Dataset records:
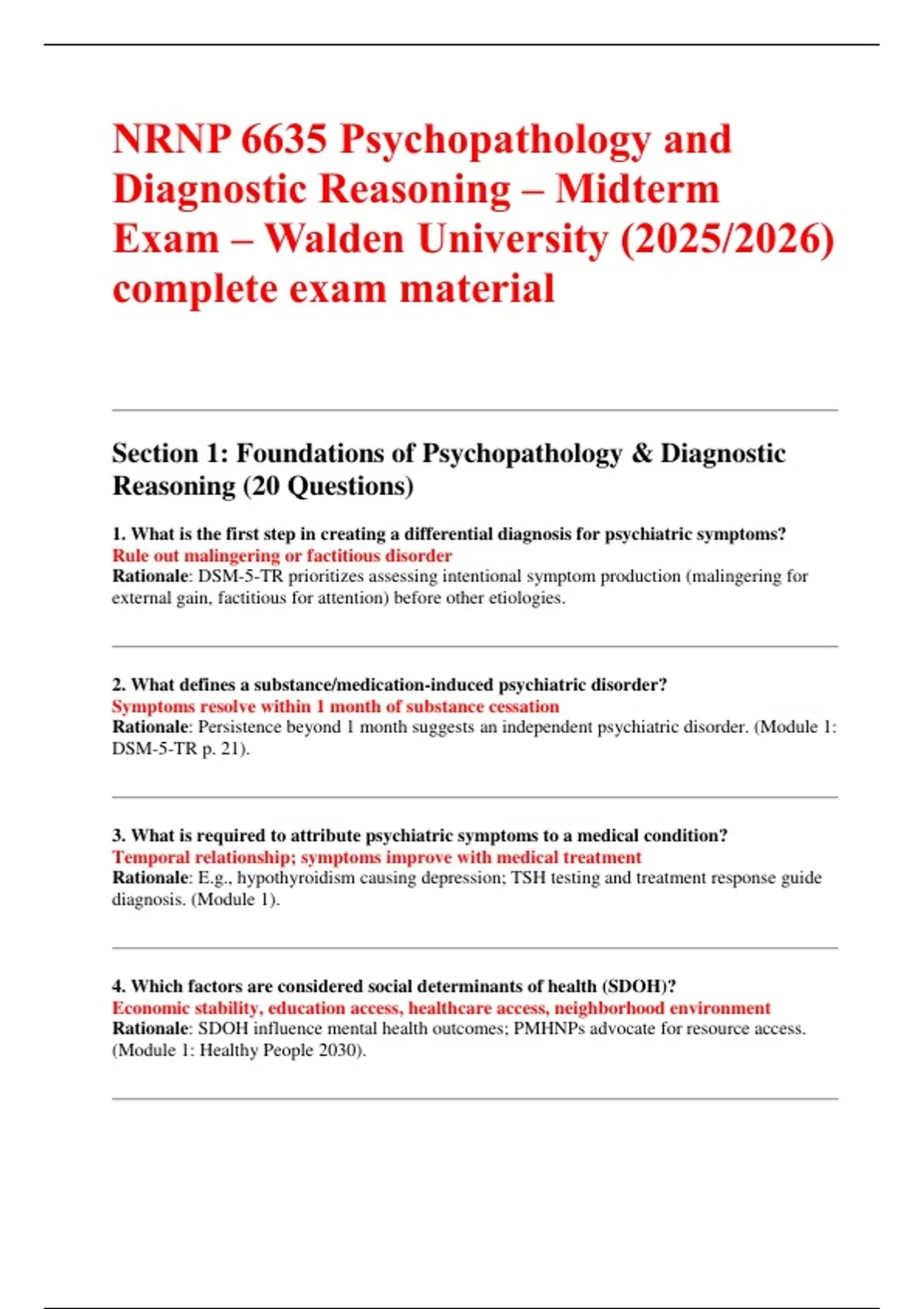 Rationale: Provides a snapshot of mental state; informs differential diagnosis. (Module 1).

* * *

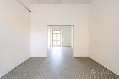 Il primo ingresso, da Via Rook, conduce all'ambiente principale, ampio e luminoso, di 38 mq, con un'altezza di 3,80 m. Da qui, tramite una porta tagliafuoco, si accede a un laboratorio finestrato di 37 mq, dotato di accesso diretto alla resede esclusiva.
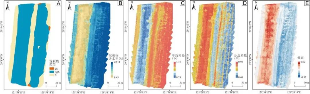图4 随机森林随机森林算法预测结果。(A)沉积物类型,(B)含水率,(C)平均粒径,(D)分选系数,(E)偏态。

Required work: Only the lines starting at the one with "Il primo ingresso, da" and ending at the one with "图4 随机森林随机森林算法预" should be printed, each exactly as it appears in the material above; the pictures are to be omitted.

Task result:
 Il primo ingresso, da Via Rook, conduce all'ambiente principale, ampio e luminoso, di 38 mq, con un'altezza di 3,80 m. Da qui, tramite una porta tagliafuoco, si accede a un laboratorio finestrato di 37 mq, dotato di accesso diretto alla resede esclusiva.
图4 随机森林随机森林算法预测结果。(A)沉积物类型,(B)含水率,(C)平均粒径,(D)分选系数,(E)偏态。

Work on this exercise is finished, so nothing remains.